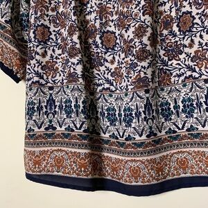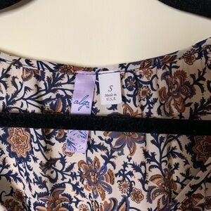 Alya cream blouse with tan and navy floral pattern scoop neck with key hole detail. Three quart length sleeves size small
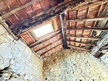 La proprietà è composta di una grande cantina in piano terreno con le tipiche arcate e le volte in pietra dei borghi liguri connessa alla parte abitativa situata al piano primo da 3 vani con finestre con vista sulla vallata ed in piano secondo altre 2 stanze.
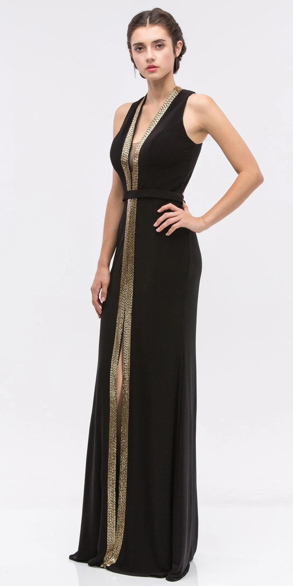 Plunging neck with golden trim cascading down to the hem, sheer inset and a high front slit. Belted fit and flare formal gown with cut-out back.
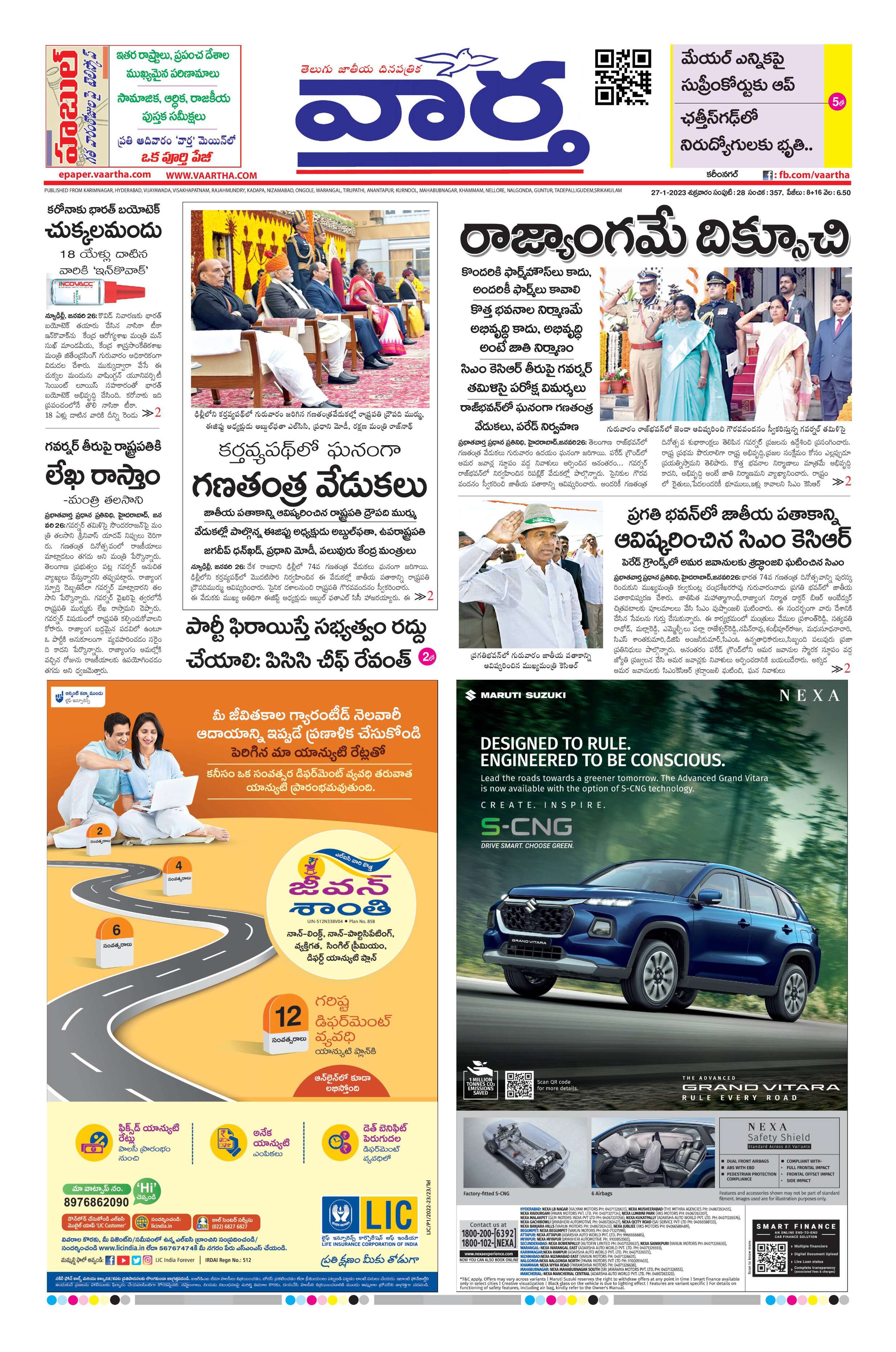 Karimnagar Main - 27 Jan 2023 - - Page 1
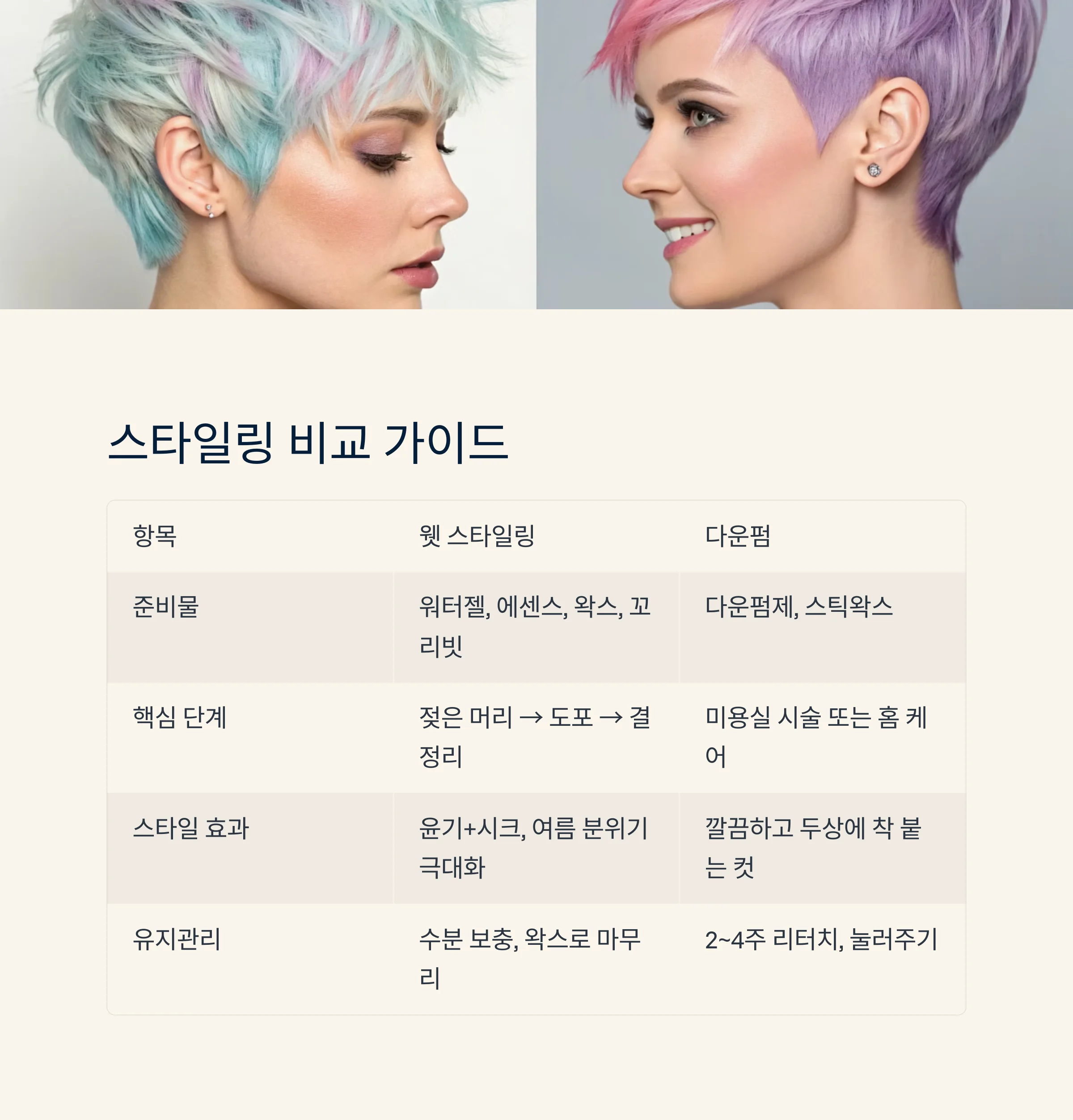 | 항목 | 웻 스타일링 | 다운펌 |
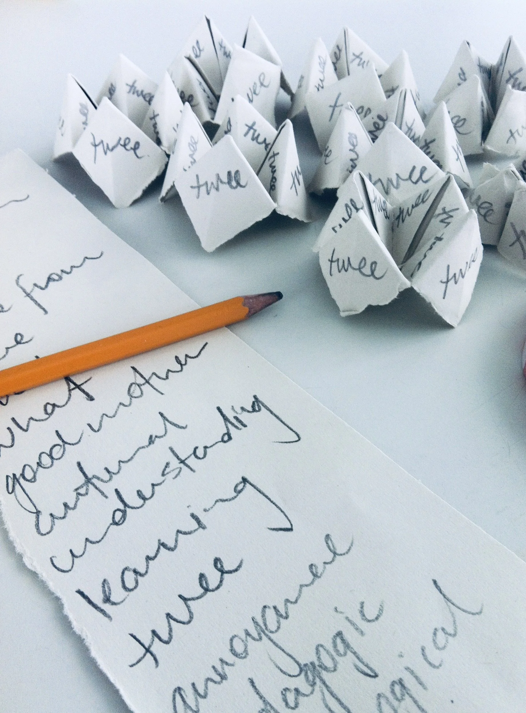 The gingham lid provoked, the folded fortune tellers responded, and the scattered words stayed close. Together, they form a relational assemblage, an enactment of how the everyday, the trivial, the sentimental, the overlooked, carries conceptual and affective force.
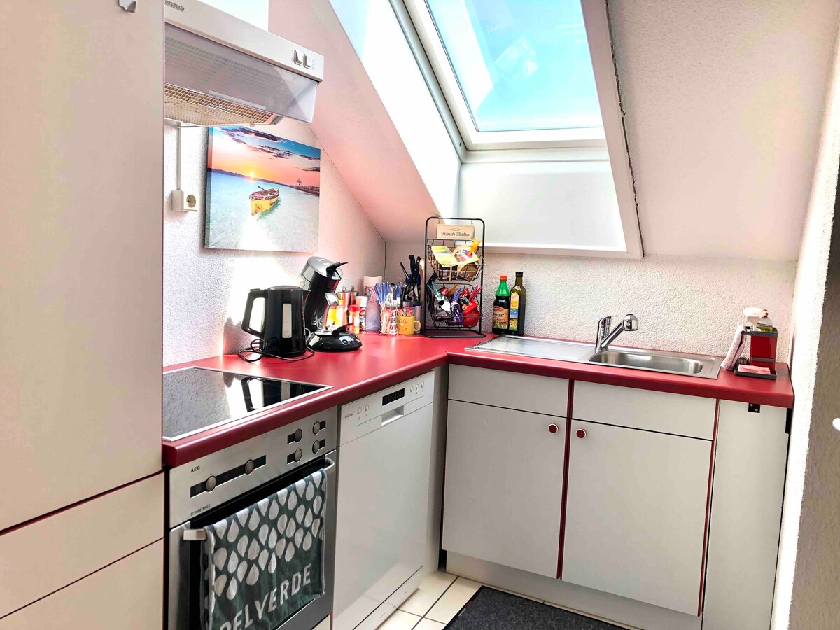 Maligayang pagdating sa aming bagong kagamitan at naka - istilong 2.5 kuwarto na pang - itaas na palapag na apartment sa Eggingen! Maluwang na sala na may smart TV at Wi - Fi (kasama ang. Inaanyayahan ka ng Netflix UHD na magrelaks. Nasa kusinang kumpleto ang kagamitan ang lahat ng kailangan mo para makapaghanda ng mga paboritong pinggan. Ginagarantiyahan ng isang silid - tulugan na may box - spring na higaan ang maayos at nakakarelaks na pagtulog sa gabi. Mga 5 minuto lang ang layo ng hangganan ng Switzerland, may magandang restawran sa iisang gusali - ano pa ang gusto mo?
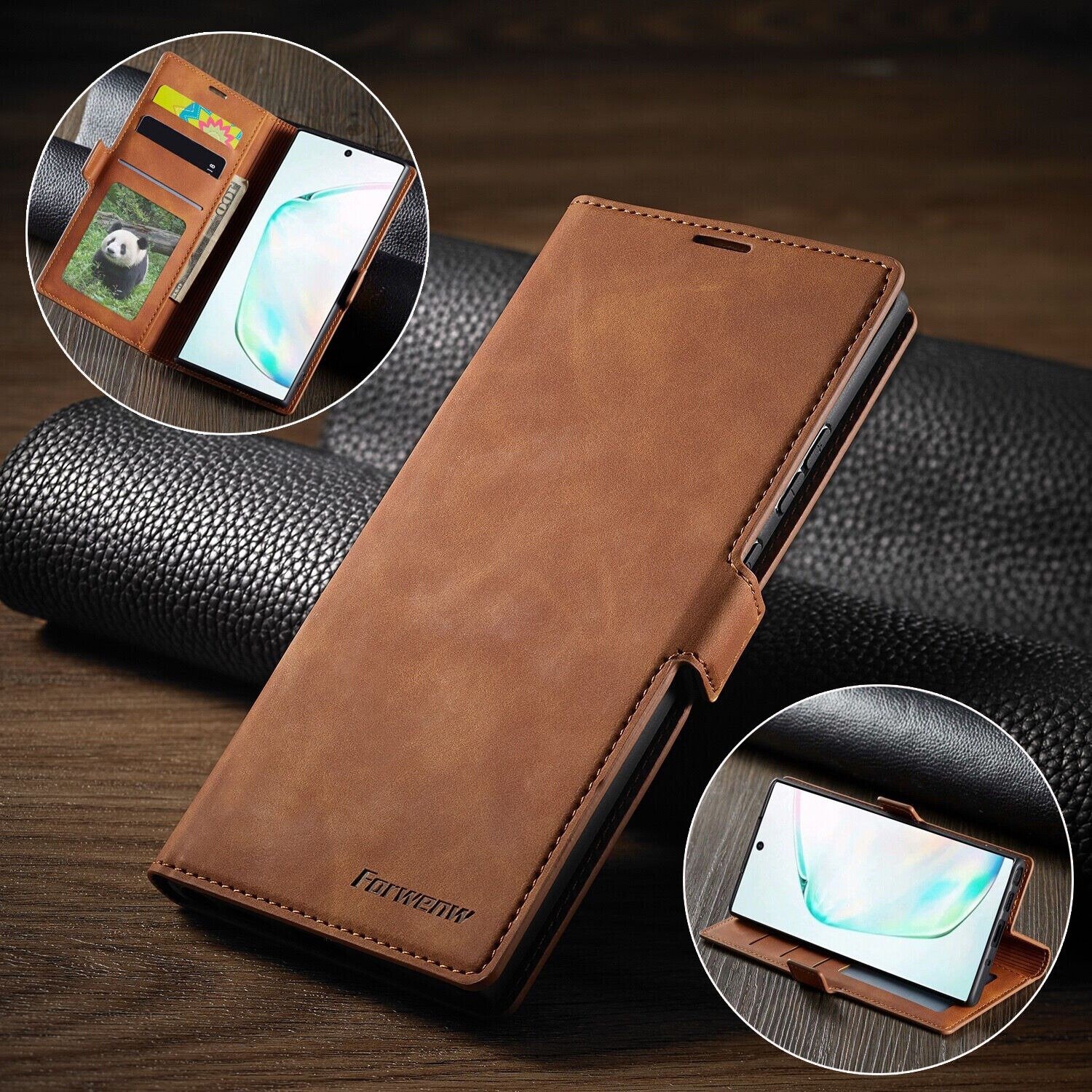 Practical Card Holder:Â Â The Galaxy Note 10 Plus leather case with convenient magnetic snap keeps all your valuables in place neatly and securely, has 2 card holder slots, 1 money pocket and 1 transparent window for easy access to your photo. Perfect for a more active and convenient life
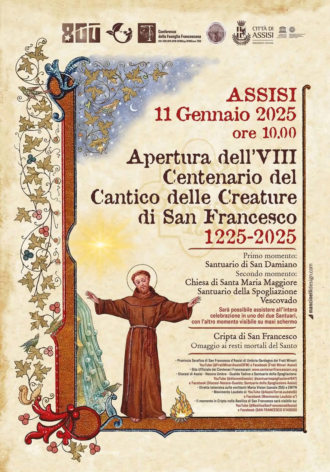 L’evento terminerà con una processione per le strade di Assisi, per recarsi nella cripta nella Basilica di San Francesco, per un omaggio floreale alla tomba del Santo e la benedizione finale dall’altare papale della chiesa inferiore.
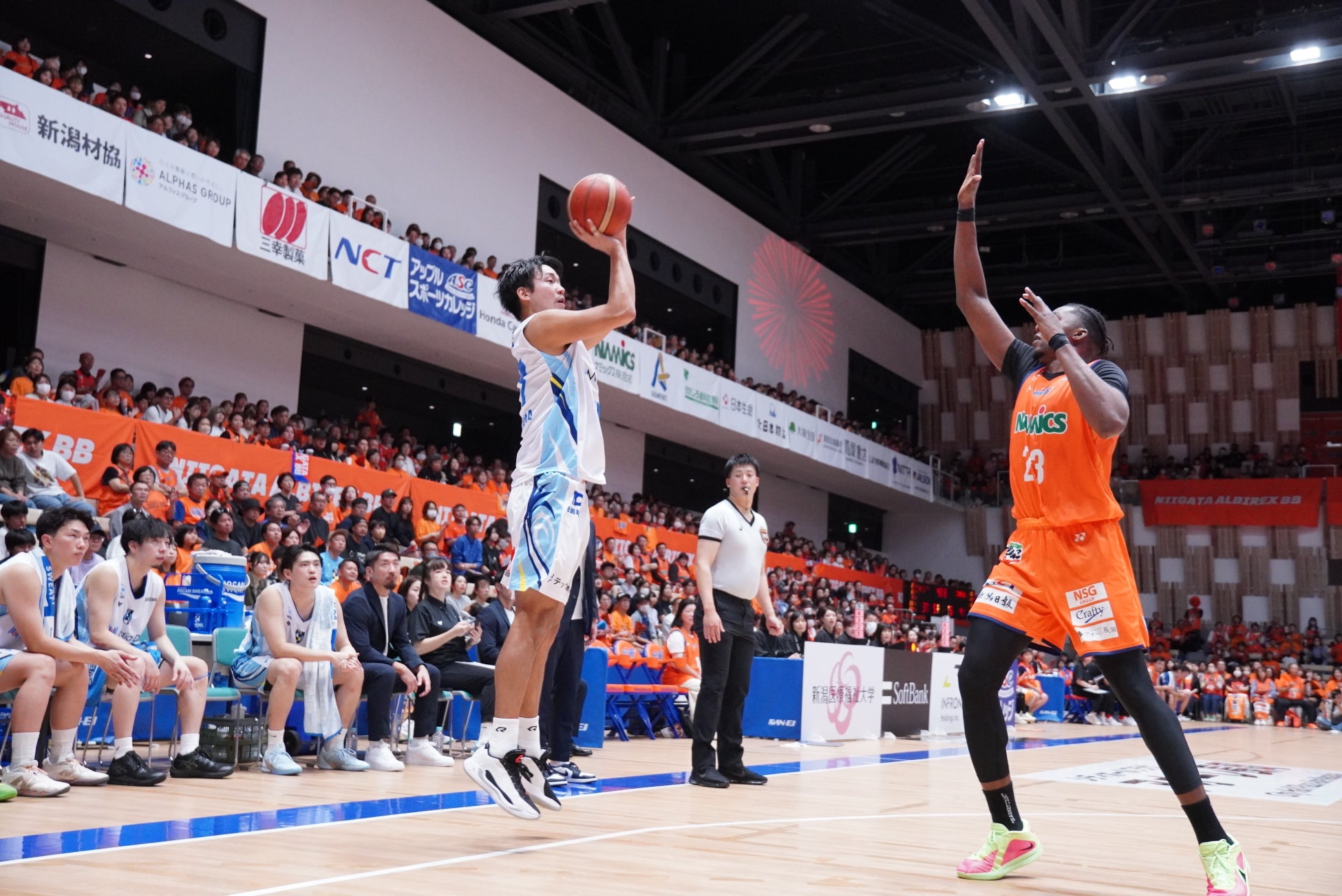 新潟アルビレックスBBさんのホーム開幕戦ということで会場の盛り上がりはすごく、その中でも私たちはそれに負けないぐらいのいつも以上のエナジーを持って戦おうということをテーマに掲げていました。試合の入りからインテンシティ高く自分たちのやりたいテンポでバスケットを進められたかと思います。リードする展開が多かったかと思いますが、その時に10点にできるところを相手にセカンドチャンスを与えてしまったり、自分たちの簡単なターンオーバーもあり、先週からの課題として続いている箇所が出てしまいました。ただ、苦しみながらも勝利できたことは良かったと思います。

☆ ☆ ☆ ☆ ☆ ☆ ☆

PROBLEM DETAILS
Give back word for word the lines from the one containing "Practical Card Holder:Â" through the final line of the data above. Pictures are to be left out.

WRITTEN ANSWER
 Practical Card Holder:Â Â The Galaxy Note 10 Plus leather case with convenient magnetic snap keeps all your valuables in place neatly and securely, has 2 card holder slots, 1 money pocket and 1 transparent window for easy access to your photo. Perfect for a more active and convenient life
 L’evento terminerà con una processione per le strade di Assisi, per recarsi nella cripta nella Basilica di San Francesco, per un omaggio floreale alla tomba del Santo e la benedizione finale dall’altare papale della chiesa inferiore.
 新潟アルビレックスBBさんのホーム開幕戦ということで会場の盛り上がりはすごく、その中でも私たちはそれに負けないぐらいのいつも以上のエナジーを持って戦おうということをテーマに掲げていました。試合の入りからインテンシティ高く自分たちのやりたいテンポでバスケットを進められたかと思います。リードする展開が多かったかと思いますが、その時に10点にできるところを相手にセカンドチャンスを与えてしまったり、自分たちの簡単なターンオーバーもあり、先週からの課題として続いている箇所が出てしまいました。ただ、苦しみながらも勝利できたことは良かったと思います。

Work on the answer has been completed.